Jonathan Graham Harston wrote:

> Have you looked inside a central heating boiler nowadays? 

:-) Our "central heating" as a log fuelled fire and lots of hot water 
bottles.


> When I  helped my dad put his in in 1975, central heating control
 > was effectively three switches in serial controlling a gas valve:

That's what I remember from the unit back in England. The overheat 
cutout was never 'right'...


> It's a veritable computer in there. The plumber had to take the
 > PCB back to the supplier because a microcrack on the board
> kept causing it to crash on startup. (!)

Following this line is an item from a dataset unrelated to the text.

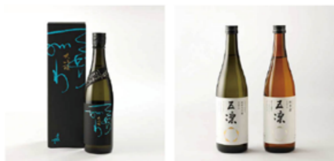
期間限定の「手取川 hand in hand」(左) 定番商品の「五瀬セット」(右) 季節によって商品を入れ替えるなどの工夫をしている

コロナ禍になって、じっとして元気がなくなっていくより、何か変わるかもしれないと思って、思い切って挑戦してみたら良い結果につながったことが一番嬉しいですね。何かしようと思ってなかなか足を踏み出せなかったんですけど、ECサイトにチャレンジすることがきっかけとなって、あれをしてみよう、これもやってみよう、いろいろ試せるのが良かったなと思います。

Not what you want in a heater!

But - question - is it any better? For all of the complexity in the 
doors at work, if you walk through the door while it is up, such 
activity does *not* reset the internal timer. The yellow lamps will 
flash, the door will go down a few inches, THEN it will notice traffic 
and go back up again. Whole g***amn computer and something so basic is 
still wrong...

There IS an argument with car ignition controls, it "shapes" the spark 
and works out how best to do the mixtures for engine temperature, speed, 
blah blah.

But your central heating - does it do something special that a simpler 
mechanical system couldn't do? Our old heater's timer had ON/TIME/OFF, 
it could run two on/off zones per day (like 8-10am, 4-8pm or whatever), 
plus the option of water/heat/both. Simple mechanical timer. The ONE 
time it failed, I took it off the wall. I cleaned off a little gear 
wheel, a dab of three-in-one oil, fine. Oh, I was about 12 at the time.

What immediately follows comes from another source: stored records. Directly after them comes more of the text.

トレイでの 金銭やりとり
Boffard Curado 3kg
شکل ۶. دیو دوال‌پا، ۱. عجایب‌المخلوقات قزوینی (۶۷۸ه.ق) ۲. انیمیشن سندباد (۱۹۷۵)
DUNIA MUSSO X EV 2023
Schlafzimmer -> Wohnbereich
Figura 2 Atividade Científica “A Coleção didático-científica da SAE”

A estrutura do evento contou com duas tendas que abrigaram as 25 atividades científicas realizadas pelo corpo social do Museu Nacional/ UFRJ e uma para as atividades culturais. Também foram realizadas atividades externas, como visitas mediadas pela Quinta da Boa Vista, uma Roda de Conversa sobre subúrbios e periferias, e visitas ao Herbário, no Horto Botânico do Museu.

You'll see this a lot in my methodology of thinking. Things that are 
complicated should be "simple enough", rather than "complex enough". 
We've already been here with the ideas of making a homebrew teletext 
inserter (any progress there?).


Best wishes,

Rick.

-- 
Rick Murray, eeePC901 & ADSL WiFI'd into it, all ETLAs!
BBC B: DNFS, 2 x 5.25" floppies, EPROM prog, Acorn TTX
E01S FileStore, A3000/A5000/RiscPC/various PCs/blahblah...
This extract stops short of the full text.